Redaction and truncation
Before any payload is written to disk, AgentDbg applies redaction and truncation:
- Redaction: Field values whose key matches a configured pattern (default:
api_key, token, authorization, cookie, secret, password) are replaced with the string __REDACTED__. Redaction applies to RUN_START.argv option values and to all event payloads and meta objects.
- Truncation: Fields that exceed the configured
max_field_bytes limit (default 20000 bytes) are replaced with __TRUNCATED__.
Redaction is on by default. You can adjust which keys are redacted or disable redaction entirely via environment variables or config YAML. See the configuration reference.

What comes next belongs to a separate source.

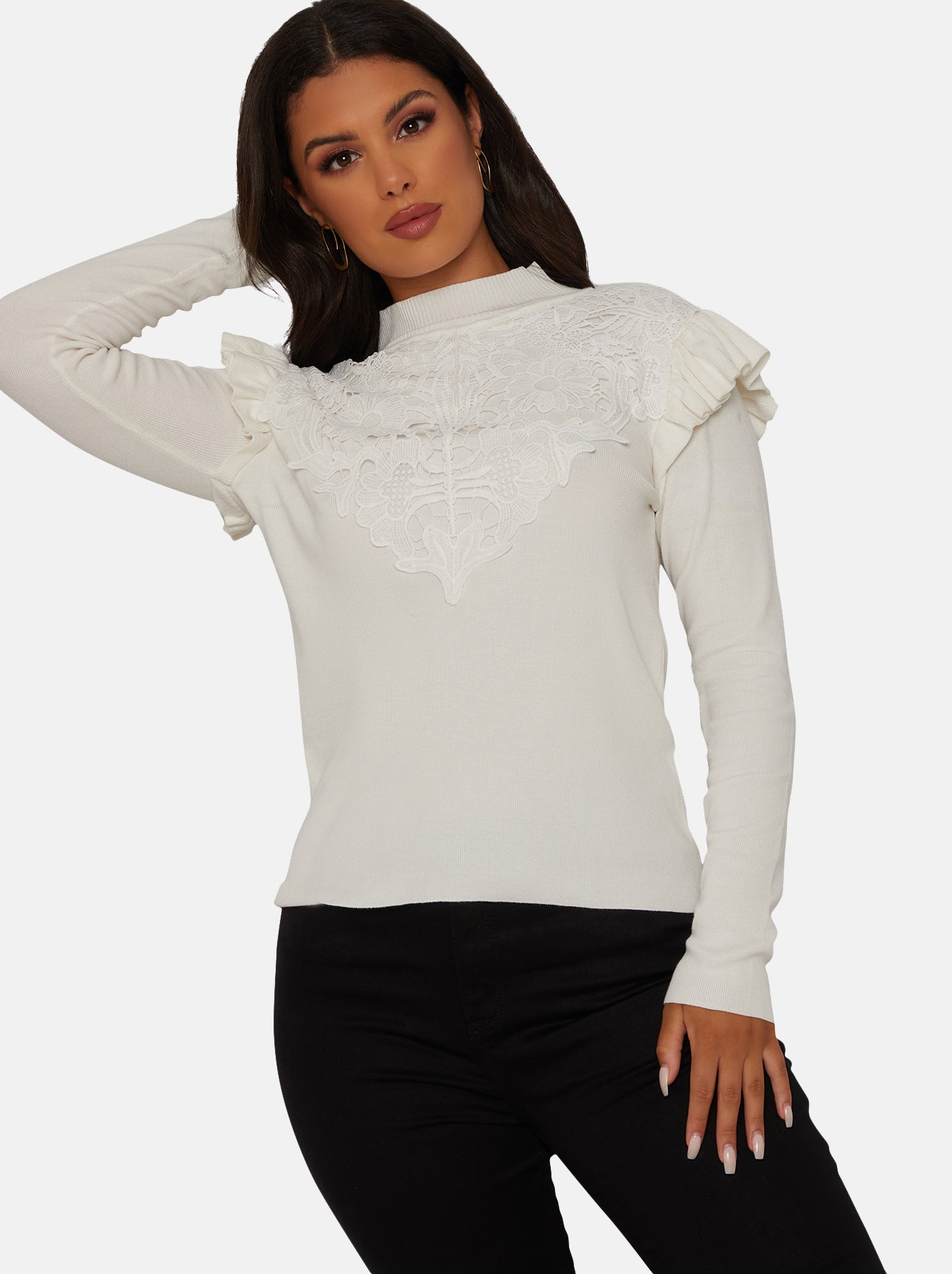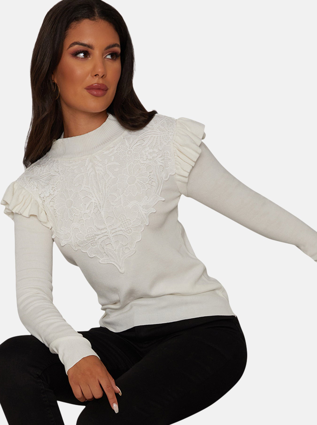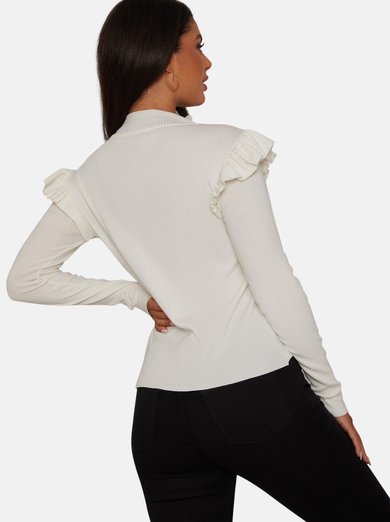 Refresh your knitwear collection this season with this jumper in elegant white. Featuring frill trim details, keeping warm has never looked do elegant. Pair with heels and skinny trousers for the ultimate look

When you run agentdbg export, the output file wraps the same data in a single JSON object:
{
"spec_version": "0.1",
"run": { "...same fields as run.json..." },
"events": [ "...array of event objects from events.jsonl..." ]
}
This makes it easy to load a run into any JSON-capable tool, share it with a teammate, or write scripts that process specific event types.